Last year, Japanese manufacturer Casio took matters into its own hands and launched designed-for-women cameras, the EXILIM EX-JE10 and EX-N10. What makes these cameras womanly? To begin with, they are small, available in pink (duhh) and they come with matching jacket and shoulder-straps. With the latter, you even have a choice of material from traditional leather finish to quilted black leather effect. Certainly, this takes the glamour quotient a notch higher. But wait, there’s more – to operate the camera, you have a joystick so that even those with long nails can do so with ease.
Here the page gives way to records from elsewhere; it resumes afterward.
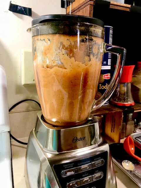 2- Add guar gum powder in the center and immediately pulse while watching to see it dunk down into contents. Blend on high speed till frothy again.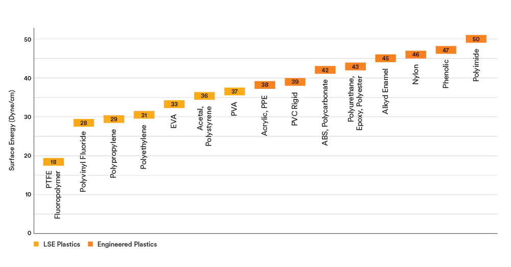 Kunststofftabelle mit Angaben zur Oberflächenenergie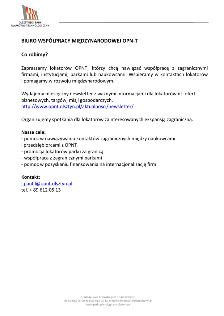 BIURO WSPÓŁPRACY MIĘDZYNARODOWEJ OPN-T Co robimy? Zapraszamy lokatorów OPNT, którzy chcą nawiązać współpracę z zagranicznymi firmami, instytucjami, parkami lub naukowcami. Wspieramy w kontaktach lokatorów i pomagamy w rozwoju międzynarodowym. Wydajemy miesięczny newsletter z ważnymi informacjami dla lokatorów nt. ofert biznesowych, targów, misji gospodarczych. http://www.opnt.olsztyn.pl/aktualnosci/newsletter/ Organizujemy spotkania dla lokatorów zainteresowanych ekspansją zagraniczną. Nasze cele: - pomoc w nawiązywaniu kontaktów zagranicznych między naukowcami i przedsiębiorcami z OPNT - promocja lokatorów parku za granicą - współpraca z zagranicznymi parkami - pomoc w pozyskaniu finansowania na internacjonalizację firm Kontakt: [email protected] tel. + 89 612 05 13 ul. Władysława Trylińskiego 2, 10-683 Olsztyn, tel. 89-612-05-00, fax: 89-612-05-12, e-mail: [email protected] www.parktechnologiczny.olsztyn.eu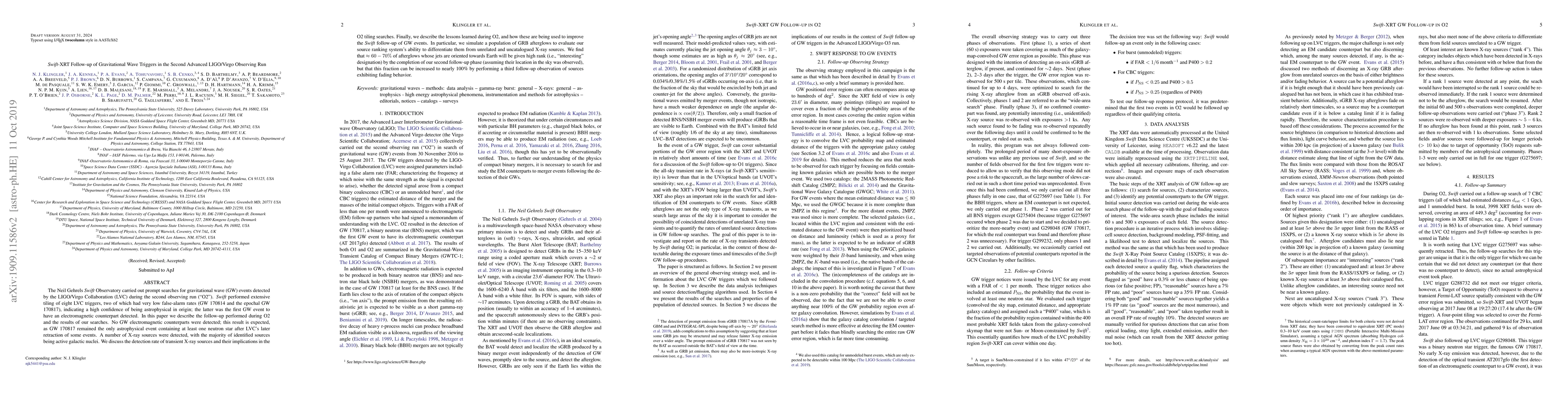 This paper details the Swift Observatory's follow-up observations of gravitational wave (GW) triggers during the second Advanced LIGO/Virgo observing run (O2), finding no electromagnetic counterparts but detecting numerous X-ray sources, mostly active galactic nuclei. The study highlights improvements in follow-up strategies and source ranking systems to better identify potential GW afterglows.

And did we tell you that the glossy lacquered finish of the camera will remind you of a fresh manicure!
Casio's camera for women
When it comes to gadgets – be it camera, phones, laptops or even tablets and music players – as a general rule, anything "compact", "shiny" and in flashy "colours" is strictly for the ladies. And even the biggest brands have fallen in this trap. Even a company like Apple took the bait as it serenaded us with the flashy pink range of iPods. We hope we aren’t alive to see the launch of a pink iPhone. Coming to laptops, the brand designers have interpreted its larger surface area as a field to spew their imagination, from tacky floral prints to abstract art to even jewel finish glossiness and, of course, the colours they think we want. One brand that went all out was Sony, who launched its Vaio range in vivid colours, seemingly to make them female-friendly.
These aren’t the only brands or products that are guilty and the list could go on forever. But these were the ones that men around us thought were perfect for women. And the question "why" threw up the obvious answers like – because it’s pink, it’s so small, it’s shiny and even because some of these gadgets are a no-brainer and easy to use.
What we really want
While some men and companies feel that these are the kind of devices women want, we humbly disagree. Yes, who doesn't like a good looking gadget, but certainly not at the cost of specs and functionality. A powerful laptop or smartphone is great, and it does not necessarily have to be dipped in a gaudy or so-called “lady-like” shade to woo us. It can be simply in sophisticated black, and no lady will hesitate to pick it over a pink or purple. Yes, we’d love the Samsung Galaxy S3 or the iPhone 5 – not for the colour or diamonds encrusted on it, but for the sheer usability and convenience.
We aren't looking for a tablet with a feminine theme, and would rather pick the iPad, the Asus Transformer or the Nexus 7 over it at any given point. A good hybrid, convertible, for instance, the Lenovo Ideapad Yoga, would definitely get a thumbs up from us. Here again, it is the usability and powerful aspects which we consider over how it looks or feels. A colourful iPod isn't a bad idea, but not necessarily a bright pink, as we are more interested in the music, just like the male species.
But to give due credit, we even had a handful of alpha males refusing to fall for the pink-trap, asserting that there should be no discrimination and that these were cheap marketing gimmicks. We for one couldn’t agree more.